Thursday, March 20, 2008

"The Little Lady Who Started This Great War”

Harriet Beecher Stowe

The best selling novel of the 19th Century was published 156 years ago today. In its first year, Harriett Beecher Stowe’s Uncle Tom’s Cabin sold 305,000 copies in the United States alone, while some 2.5 million copies were sold worldwide.

But we don’t remember the book because it was simply a commercial success. The book was a social phenomenon as well. It brought the realities of slavery into homes far removed from the American South. Long-suffering Uncle Tom, courageous Eliza, and young Harry put individual faces to previously unknown slaves, while the despicable slave owner finally got a name in Simon Legree.

Surprisingly, Uncle Tom’s Cabin is not a simple anti-slavery novel. Stowe does not hold the Southern states solely responsible for perpetuating slavery. In fact, the book takes great pains to show how the North was complicit as well. After all, Simon Legree might be the stereotypical evil slave owner, but he was not a Southerner by birth—he was a Yankee.

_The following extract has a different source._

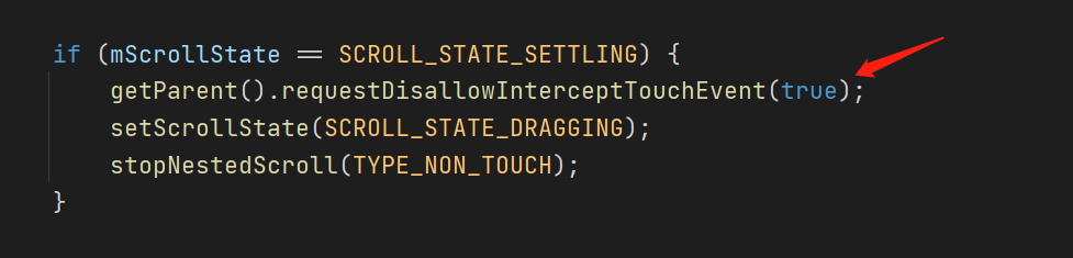 禁止父view拦截,不是吗?所以无论它嵌套在view pager还是横向滑动的scroll view里,除非抬起手,不然事件序列都会被RV消费。

Nevertheless, the novel had a significant impact on the abolitionist movement, both in the United States and abroad. During the Civil War, Stowe visited the White House. Supposedly, Lincoln greeted her with the unforgettable line, “So this is the little lady who started this great war.”


2 comments:

Anonymous said...

We just learned about that line and I was researching it. This is good info.

Rucy said...

How come - no one (seemingly) has ever heard this alleged (and probably true, I would think) quote of Lincoln? No Lincoln scholar ever brought this to light?